I've noticed in my dreams I seem to have a different personality then in waking life. In waking life im a very sweet caring, even a bit over sensitive person. Im the peacemaker I just want everyone to get along. And I try to see the good in every person even if they make it almost impossible to do.
Now my dreams are a totally different story....
In my dreams Im usually the BEAST. I kill at will for the slightest thing without a second thought. For instance last night I was having a seemingly long dream. Which I remained sad and hurt thoughout the dream. In the dream this young girl ask me to do something and when I dont comply she calls me the "B" word. So I begin to chace her and she totally vanishes from the dream. And I know for a fact if I would have caught her I would have killed her in a most violent way. I have noticed in different dreams figures staring from a distance at me. Now you know how you have like an instinct in your dreams like a person may be your brother but doesnt look like your brother, but you know that's who its suppose to be off of instinct? Well these beings or people I will see huddled watching waiting to turn the dream into a nightmare and give me chace will all of suddon take chace and run from me. Im always fighting demons in my dreams. And sometimes im protecting people I love. (The hero role)

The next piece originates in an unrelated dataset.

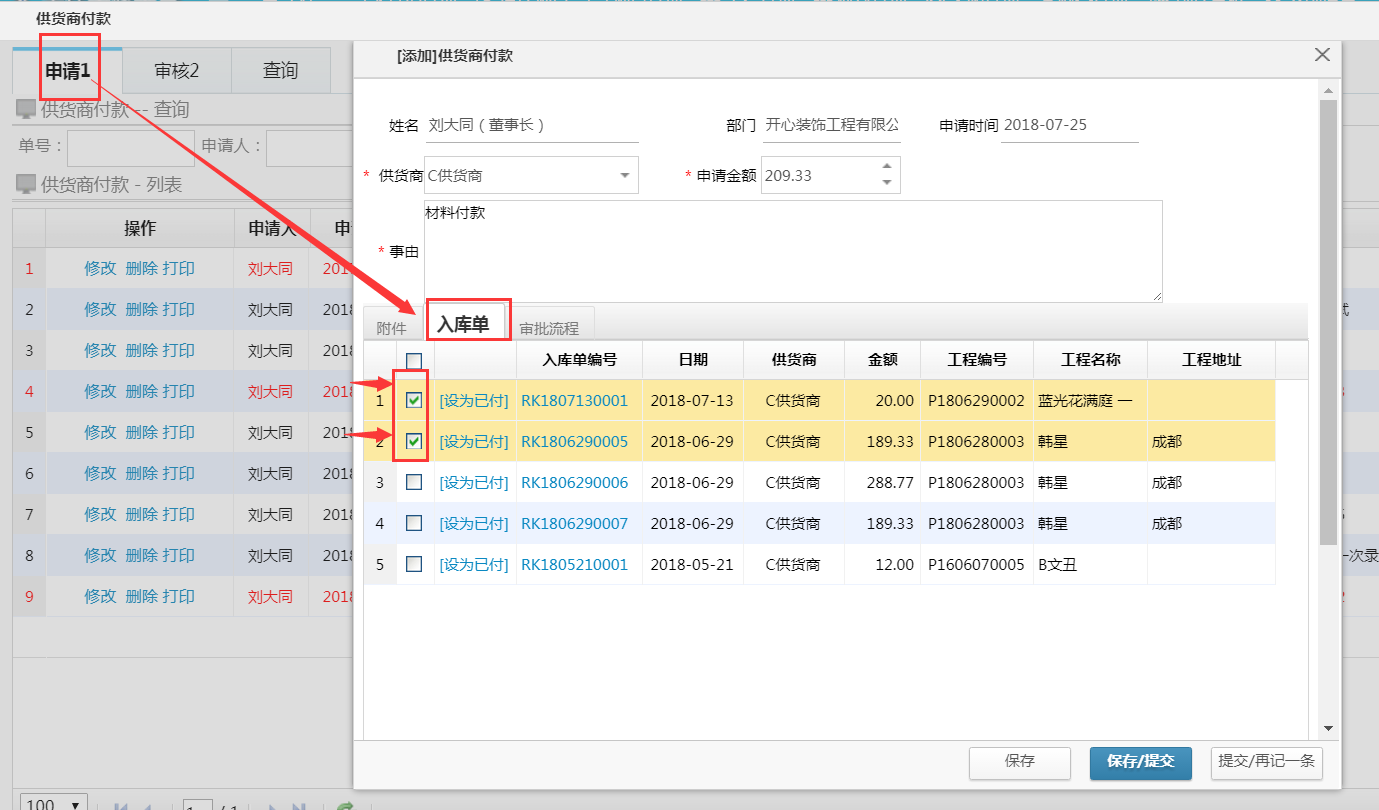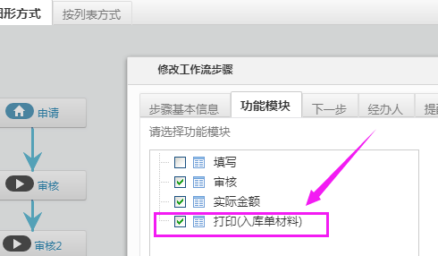 首先在工作流程中將【打印(入庫單材料)】此項功能選中,我們在工作臺---供貨商付款---打印才能顯示相關信息

I have been able to lucid dream since I was a child. And even sometimes in the lucid dreams Im a bully and will kill for no reason. Im seriously a socialpath when I dream. Im so connected to the animal side of me. But that's not who I really am. In real life if I argue with someone and say something to hurt there feelings it wil bother me for the longest time, I just feel so bad. I find it facinating how the mind works and what it is trying to tell us about ourselves.